Ok ... now it´s time to take over the kitchen island countertop. Why? Because it´s level and makes for a good platform for determining where to cut the hull in half.

As you can see, I´ve manufactured two stands to hold the hull in a level position as well. Then, after using a ruler and marking the cut line 4 ¾" from the countertop, I placed masking tape horizontally. Before cutting, I'll place another strip of tape above this one leaving about 1/16" for a line, and then another strip covering the line. The masking tape is thin enough for the line to show through, and it will keep the jigsaw from scratching the hull or the blade chipping the resin.
You can see that I've purchased my first part for inside the hull. It is a 9 ounce CO2 bottle manufactured by Brass Eagle. It was purchased at Wal-Mart because the price was less expensive than one from a local Paintball store. I will, however get it filled at the Paintball store.

I plan to use the CO2 bottle to store pressurized gas. The gas will be used to operate my Clippard valves which will in turn operate my ballast tanks, bow plane doors, torpedo doors/launchers and missile hatches/launchers.
After letting the hull sit on the kitchen countertop for an entire day (I wanted to think about the next step real hard to ensure my markings were correct before cutting the hull), it was into the garage we went. First, I drilled several pilot holes at the place where the horizontal cut line met the vertical cut line. This was to provide a spot to insert the jigsaw blade. I used a drill bit the width of the blade itself, and drilled 4 or 5 holes in both directions.

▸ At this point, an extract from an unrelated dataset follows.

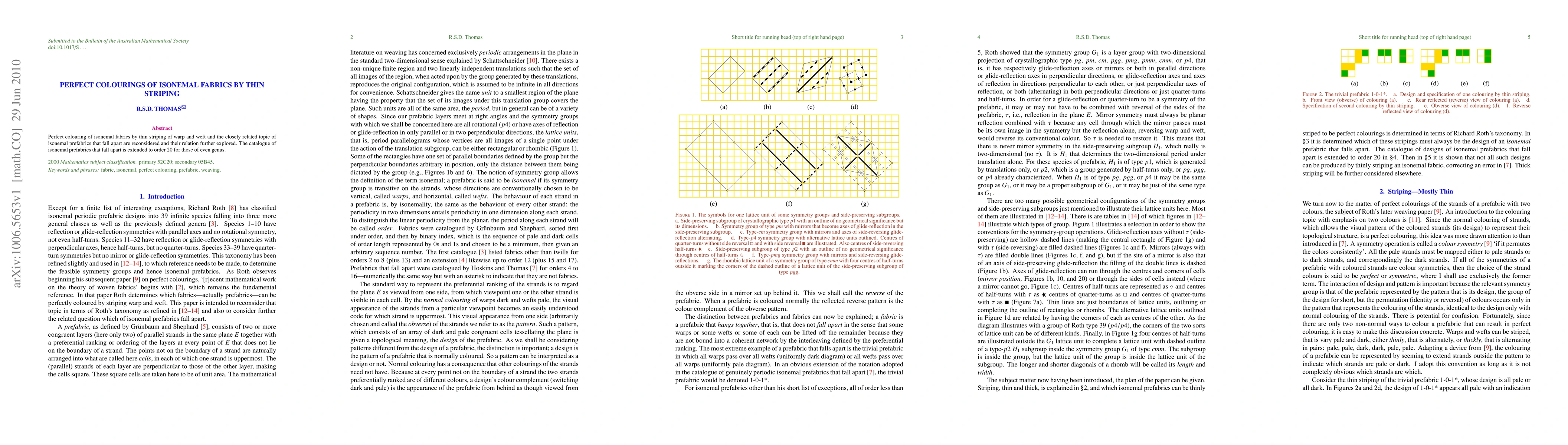 Perfect colouring of isonemal fabrics by thin striping of warp and weft and the closely related topic of isonemal prefabrics that fall apart are reconsidered and their relation further explored. The catalogue of isonemal prefabrics that fall apart is extended to order 20 for those of even genus.

Next, I took my time and cut the hull in half along the line. Surprisingly enough, the process went rather quickly without any problems. The duck tape surrounding the foam held everything in place, and besides the saw blade was not long enough to reach all the way through to the other side.
During the process, about every foot or so, I placed masking tape across the cut to ensure the hull would not fall apart. This ended up not being necessary, but it was a good safety measure just in case. I didn´t want one half of the hull falling off the table and causing a ding.

Ok, now the hull was cut in half but still connected. A wire cutter would have been nice to have for splitting the center portion of the foam, but I didn't have one. I did however, have a thin bladed Ginsu knife (don´t tell my wife.) This knife sliced through the foam just like it does cutting the tin can on television. I hope it still slices tomatoes just as well.
With both hull halves sitting on the table, it was time to sit back and savor the accomplishment a little. If my wife would´ve left the camera home this day, you´d be able to see a pic of the hull halves with the pink foam inside. But, she didn´t and I began removing the foam. I did leave a small amount of the pink foam in the stern section for the moment. I still have some sanding and shaping to do there, and I wanted it to be sturdy.

I used a small putty knife to dig the foam out. Getting the process started was the hardest because it literally had to be dug out. Once started however, each foam piece was removed relatively quickly. And ... the resin did not stick to the duck tape as planned. That came out real easy! It also enable the inside of the hull to be semi-smooth.
The dark spots in this pic is the Bondo patching material I used to fill low spots and imperfections. The primer paint covered them up on the outside, but they show on the inside. I´m not sure yet what I´ll do about them later on.

Anyway, this is it for Preparing the Inside Hull. I now have to get serious about buying and manufacturing stuff to go inside. I also have to manufacture the rudders, stern planes and bow planes as well as the mechanical linkages that make them work.